Problem details
Retype nothing except the lines below from the one with "Present! 当市の「3" through the one with "Otra de las", exactly, with images left out.

Records for this exercise

☆ ☆ ☆ ☆ ☆

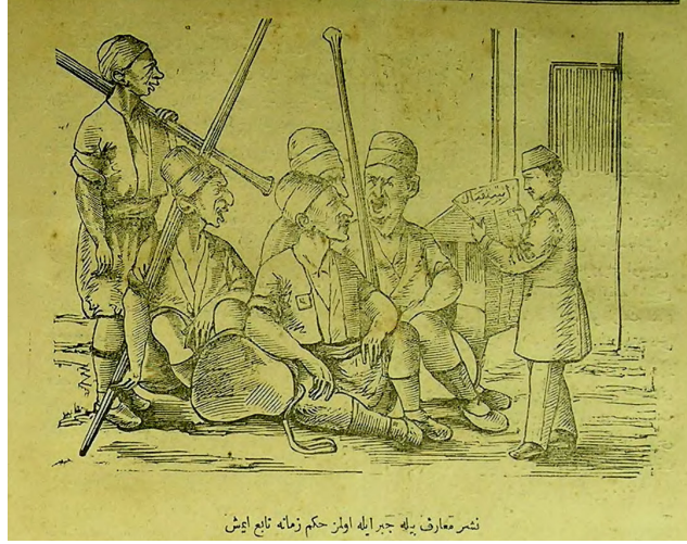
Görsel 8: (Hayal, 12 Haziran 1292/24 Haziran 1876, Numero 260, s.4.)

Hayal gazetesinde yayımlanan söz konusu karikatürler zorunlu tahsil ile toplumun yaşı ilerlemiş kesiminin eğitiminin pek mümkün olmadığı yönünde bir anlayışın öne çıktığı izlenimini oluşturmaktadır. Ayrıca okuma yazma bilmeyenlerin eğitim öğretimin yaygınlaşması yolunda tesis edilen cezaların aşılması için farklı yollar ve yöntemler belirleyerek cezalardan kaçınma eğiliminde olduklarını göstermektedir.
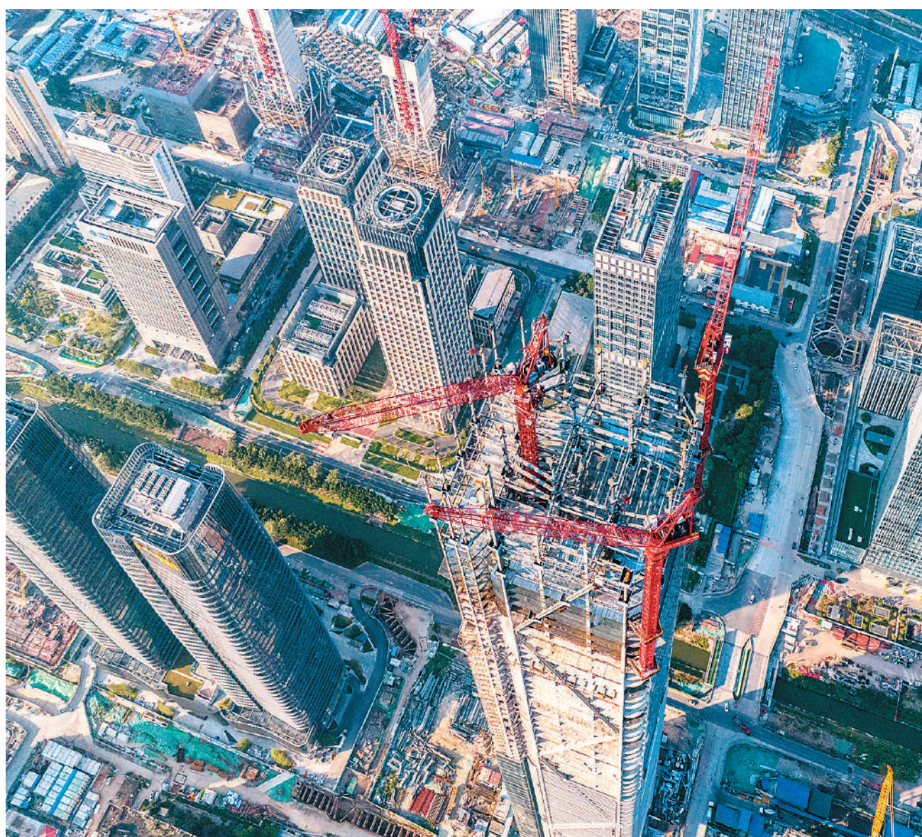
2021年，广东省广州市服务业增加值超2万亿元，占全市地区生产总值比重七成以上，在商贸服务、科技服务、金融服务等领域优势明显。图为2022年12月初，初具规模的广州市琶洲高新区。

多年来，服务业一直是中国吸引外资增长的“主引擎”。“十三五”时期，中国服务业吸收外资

☆ ☆ ☆ ☆ ☆

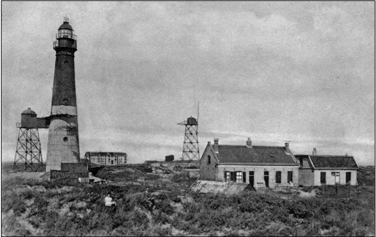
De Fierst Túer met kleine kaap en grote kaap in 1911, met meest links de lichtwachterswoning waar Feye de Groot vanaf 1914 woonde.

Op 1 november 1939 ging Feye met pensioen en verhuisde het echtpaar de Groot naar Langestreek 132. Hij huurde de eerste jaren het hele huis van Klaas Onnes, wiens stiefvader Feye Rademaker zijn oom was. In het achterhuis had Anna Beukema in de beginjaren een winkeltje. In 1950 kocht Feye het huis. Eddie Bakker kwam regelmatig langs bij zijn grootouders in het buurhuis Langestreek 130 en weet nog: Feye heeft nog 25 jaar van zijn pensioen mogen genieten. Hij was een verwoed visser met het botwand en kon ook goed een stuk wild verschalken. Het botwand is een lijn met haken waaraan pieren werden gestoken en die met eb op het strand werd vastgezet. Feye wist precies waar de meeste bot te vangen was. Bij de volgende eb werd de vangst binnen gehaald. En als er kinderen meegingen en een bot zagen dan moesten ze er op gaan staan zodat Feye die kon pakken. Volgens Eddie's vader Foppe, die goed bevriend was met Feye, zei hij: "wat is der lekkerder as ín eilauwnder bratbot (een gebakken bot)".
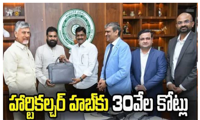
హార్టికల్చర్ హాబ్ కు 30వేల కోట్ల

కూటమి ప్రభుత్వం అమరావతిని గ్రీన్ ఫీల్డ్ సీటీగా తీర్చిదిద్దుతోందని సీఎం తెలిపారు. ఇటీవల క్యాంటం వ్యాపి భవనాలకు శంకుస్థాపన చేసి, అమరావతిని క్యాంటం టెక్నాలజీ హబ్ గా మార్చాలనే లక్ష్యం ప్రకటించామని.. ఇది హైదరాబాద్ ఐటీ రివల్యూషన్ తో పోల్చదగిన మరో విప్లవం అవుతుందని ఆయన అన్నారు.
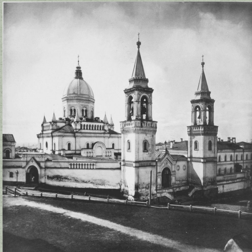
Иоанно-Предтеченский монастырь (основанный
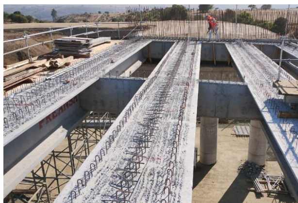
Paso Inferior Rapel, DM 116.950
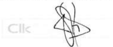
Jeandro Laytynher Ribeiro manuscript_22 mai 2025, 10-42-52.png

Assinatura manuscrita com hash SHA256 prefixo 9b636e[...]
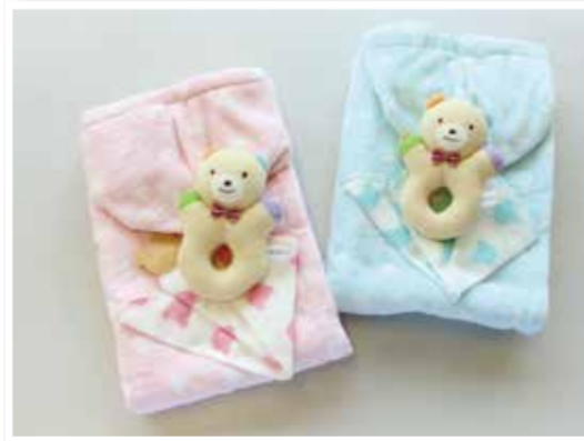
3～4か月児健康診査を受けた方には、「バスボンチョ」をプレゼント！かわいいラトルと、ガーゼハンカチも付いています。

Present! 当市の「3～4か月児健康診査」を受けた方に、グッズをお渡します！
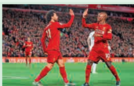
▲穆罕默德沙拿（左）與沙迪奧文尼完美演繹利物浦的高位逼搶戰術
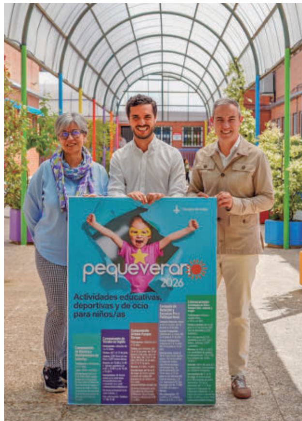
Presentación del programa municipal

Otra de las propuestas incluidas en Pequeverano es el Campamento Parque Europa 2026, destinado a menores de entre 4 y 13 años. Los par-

☆ ☆ ☆ ☆ ☆

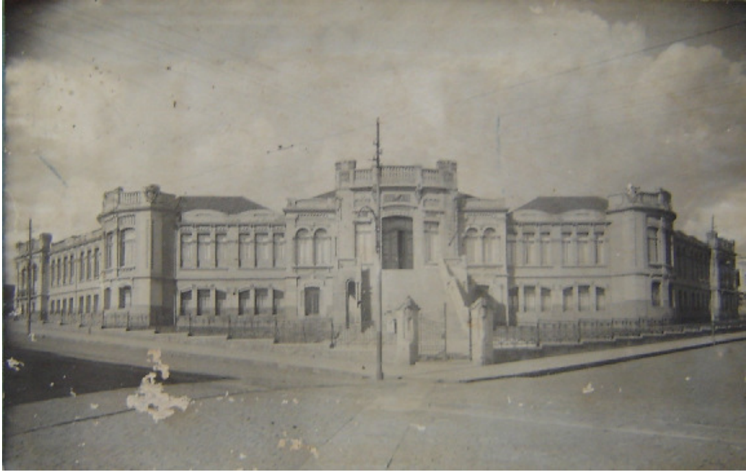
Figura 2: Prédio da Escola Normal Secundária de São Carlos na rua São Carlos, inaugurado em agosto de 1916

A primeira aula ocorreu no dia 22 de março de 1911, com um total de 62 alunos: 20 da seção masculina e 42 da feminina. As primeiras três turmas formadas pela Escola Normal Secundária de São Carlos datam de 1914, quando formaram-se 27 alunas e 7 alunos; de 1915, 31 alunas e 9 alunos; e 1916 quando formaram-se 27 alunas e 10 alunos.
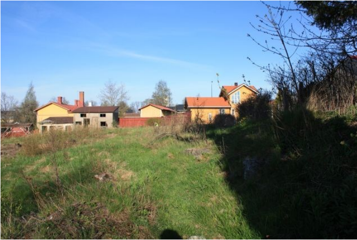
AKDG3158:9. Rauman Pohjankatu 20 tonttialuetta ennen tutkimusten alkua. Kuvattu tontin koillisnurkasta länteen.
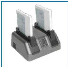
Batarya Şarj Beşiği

☆ ☆ ☆ ☆ ☆

Expected answer
Present! 当市の「3～4か月児健康診査」を受けた方に、グッズをお渡します！
▲穆罕默德沙拿（左）與沙迪奧文尼完美演繹利物浦的高位逼搶戰術
Presentación del programa municipal

Otra de las propuestas incluidas en Pequeverano es el Campamento Parque Europa 2026, destinado a menores de entre 4 y 13 años. Los par-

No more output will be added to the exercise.